Pharmaceutical Predictivity

Pharmaceutical Attrition

Drug development is associated with a significant degree of attrition, which is generally thought to be in the 90 percent range, indicating that only about 10 percent of compounds entering development make it to regulatory submission, approval and market. During the 2000’s and 2010’s numerous papers were published on pharmaceutical attrition, attempting to arrive at an overall estimate of attrition, and the key reasons for attrition (e.g., Kola and Landis, 2004; Hay et al., 2014). Attrition rates have been reported to vary depending on different attributes, such as therapeutic areas, phase of development and pharmacologic targets; commonly cited causes of compound termination have included clinical safety, lack of efficacy, formulation, PK/bioavailability, commercial, toxicology, and cost of goods. 

A general comment concerning the published literature on attrition and its causes, as well as assessments within individual pharmaceutical companies, is that definitions and attributions have not been standardized, and common methodology has been lacking. It is also noted that even within a given company, when reviewing their compound termination databases, it’s not always clear what was considered the primary reason for the termination of a specific compound by the project team.

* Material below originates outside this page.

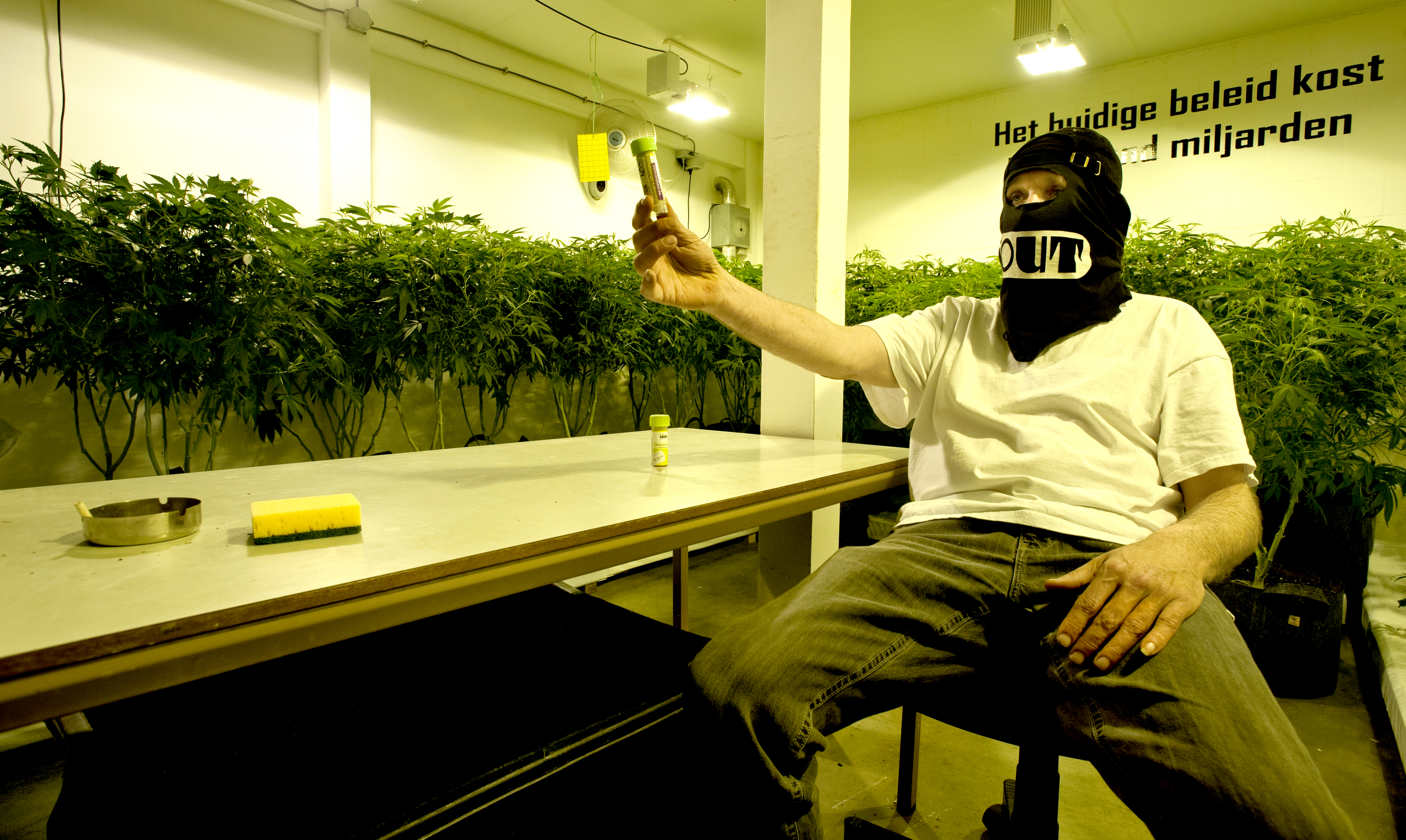 A group of idealistic cannabis growers in Friesland, The Netherlands tried to find a way to legalize the growing of canabis. In order to show the Dutch gorvernment how this could be achieved, they set up a foundation. Started growing canabis in a professionally set up grow room. Including book keeping and purpose built vantilation. The operation was illegal, but intended to show how how a legalized operation could be run. Because of the illegality, reporters were brought into the grow room in a van with the windows blacked out, so they couldn’t see out. They were only let out of the van after it had been driven into the warehouse. Telphones were not allowed in. In June 2013 the grow room was shut down by police.

Considering the significant negative implications of candidate compound attrition for the pharmaceutical industry, principally in terms of R&D expenditure, opportunity cost and productivity, the question arises how the industry might be able to reduce attrition, and thus be able to bring more new therapies to market. As an example, R&D organizations might base how many candidate compounds to bring into development each year on the desired number of drug candidates to be submitted for regulatory submission at a future date following clinical development. Thus, assuming a goal of one regulatory submission per year, at least ten candidate compounds would need to be brought into development each year. In addition to the R&D expenditure, such an inefficient drug development process makes it harder to address the many unmet medical needs areas.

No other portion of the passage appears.